The Outlaw (1943)    0 Stars

“SENSATION Too Startling To Describe!”

 

The Outlaw (1943)

Director: Howard Hughes

Cast: Jack Buetel, Thomas Mitchell, Jane Russell

Synopsis: Western legends Pat Garrett, Doc Holliday and Billy the Kid are played against each other over the law and the attentions of vivacious country vixen Rio McDonald.

 

 

 

If Howard Hughes’ movie The Outlaw has any worth to speak of, it is to offer us reassurance that even hugely successful men like Him can be excruciatingly inept at something. Because The Outlaw is one of the most bizarre, badly acted, written and directed mainstream movies you’re ever likely to watch. And forget about all that publicity about Jane Russell’s breasts (as boobielicious as they undoubtedly are) — what really sets The Outlaw apart from other movies of its era is the outrageous gay subtext that sees three Western legends embroiled in a homosexual love triangle.

The legends in question are William ‘Billy the Kid’ Bonney (Jack Buetel), Pat Garrett (Thomas Mitchell — It’s a Wonderful Life, High Noon) and Doc Holliday (Walter Huston — Rain, The Treasure of the Sierra Madre). In truth, Holliday never met the other two, but The Outlaw pays scant regard for truth as it explores the complex relationships between these three men. As the movie opens, Holliday and Garrett are good friends, but when a clash between Holliday and Bonney is resolved without violence, and with a mutually guarded admiration between the two men, Garrett grows increasingly jealous. Later, when Holliday changes his mind about helping Garrett to arrest Bonney, an inappropriately enraged Garrett tells them both to get out of town. However, Doc and the Kid retire to the local saloon where, after an obligatory shoot-out between Billy and some young gun out to make a name for himself, Doc offers Billy the use of a bunk for the night. Billy declines the Doc’s offer, choosing instead to bed down in the stable. It’s here that Billy encounters Rio (Jane Russell), who tries to gun him down in revenge for his killing her brother. Billy eventually overpowers the feisty Rio and rapes her in the darkness of the stable.

The irrelevance of women in Hughes’ warped world is illustrated by the way in which Rio’s rape by Bonney is dismissed as nothing more than a milestone in the growth of their rocky relationship. Rio isn’t so much a character in her own right as a device to introduce an undercurrent of conflict between Doc (Rio is his girlfriend, in the loosest sense of the word) and the Kid in much the same way as their power struggle over Doc’s horse, which Billy may or may not have stolen. In fact, as Doc and Billy both choose the horse over Rio at one point in the movie, she isn’t even afforded as much significance as the animal. And although Rio was angered enough over the death of her brother to make an attempt on Billy’s life, she seems to think nothing of his rape of her in the stable. So insignificant is Rio, it’s clear that little or no thought was given to developing a consistent and rational character for her.

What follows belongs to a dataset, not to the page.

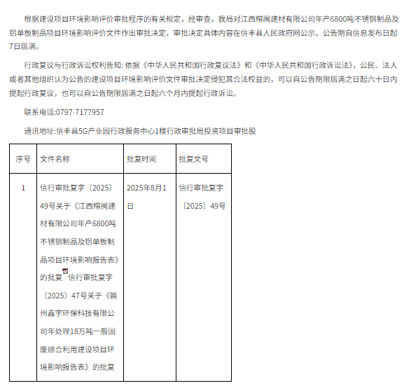 8月6日,江西信豐縣縣政府綜合部門發布了《關于江西榕閩建材有限公司年產6800噸不銹鋼制品及鋁單板制品項目環境影響評價文件審批決定》。

The Outlaw rambles along with no real shape or form, pretending that Rio is its object of desire when she’s anything but. The film is essentially about a pair of old queens squabbling over the younger man who has come between them. Jack Buetel was reputedly a lover of the bi-sexual Hughes, which was why he won the role of Billy the Kid, even though he had no movie experience and was no better than an average actor. He was a looker though, and, as with Russell, Hughes wastes no opportunity to show off his physical beauty — you only have to witness his first scene in The Outlaw to understand how Hughes felt about his leading man. Something went wrong, though, and Hughes refused to allow Buetel to appear in another movie, dealing a near-fatal blow to the young actor’s movie career. It wasn’t until 1951, when his contract with Hughes had expired, that Buetel would appear on the screen again.

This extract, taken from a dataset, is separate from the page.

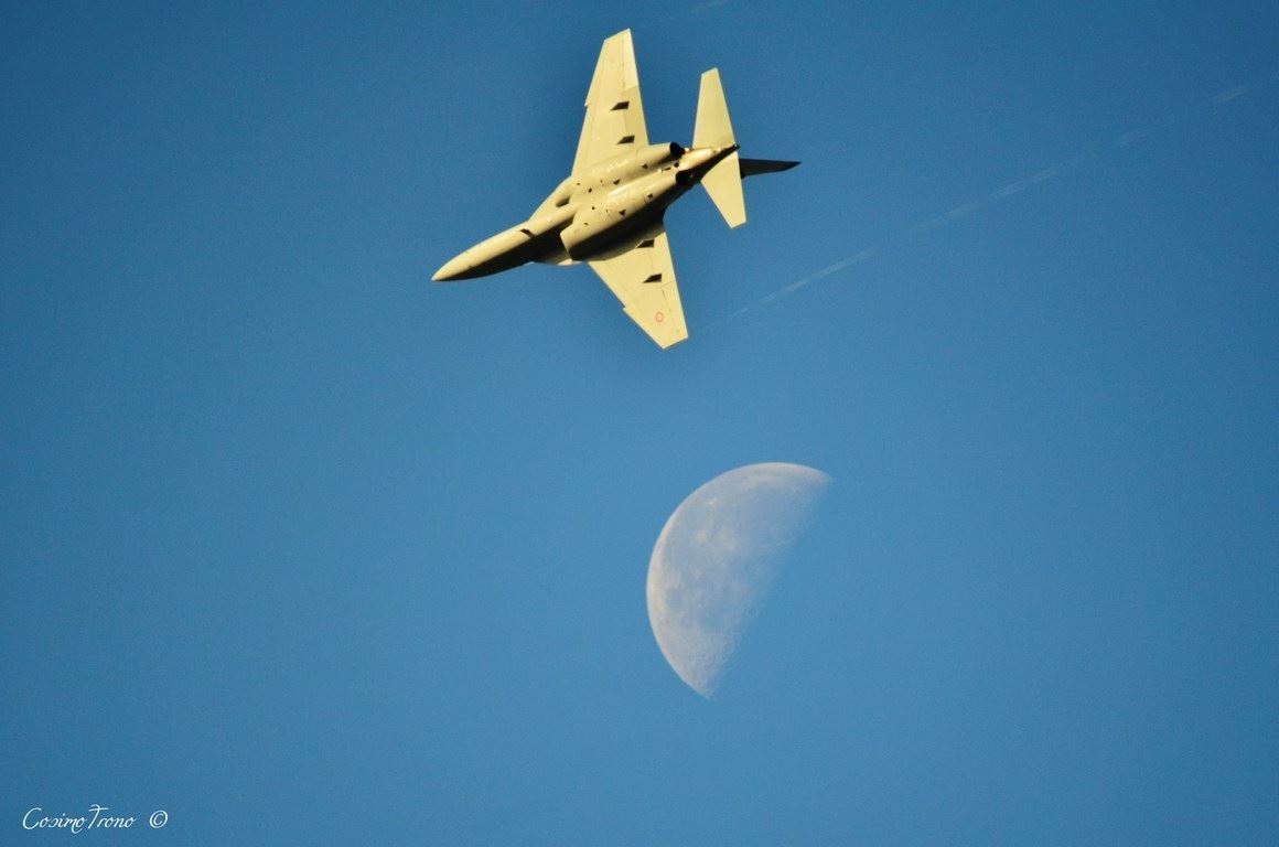 Un aereo militare che intercetta la luna, colto in flagrante nei cieli del Salento dagli obiettivi del fotografo Cosimo Trono. Lo scatto arriva dall’aeroporto militare di Galatina e raffigura un velivolo Alenia-Aermacchi T-346A”MASTER. “Per poco non mi spettina” ci scherza su Trono, che ha dato vita a una serie di splendidi scatti.

The Outlaw’s notoriety allowed it to overcome its sheer awfulness in terms of box office returns. And make no mistake about it — The Outlaw is a truly awful movie. Hughes’ direction is shockingly bad. Scenes seem to go on forever, remaining long after their narrative or emotional worth has been spent, and the camera is allowed to focus on inanimate objects for an inordinate length of time after an actor has left the screen. This is most noticeable when we are left to contemplate the corner of a door after Russell has walked past it for a full twenty seconds. Compounding Hughes’ incompetence is an intensely annoying musical score that simply doesn’t let up — we get everything from overblown emotional cues that swell and soar with unrelenting insistence to ‘humorous’ wa-wa-wa-waaah licks.

The Outlaw does possess a certain low-rent camp value, and the 20-year-old Jane Russell’s voluminous cleavage truly is a wonder to behold — although even that can’t keep us entertained for nearly two hours. Old troupers Thomas Mitchell and Walter Huston give it their best shot — Huston more successfully than his less talented co-star — but the awfulness of the entire project eventually proves too much for both of them.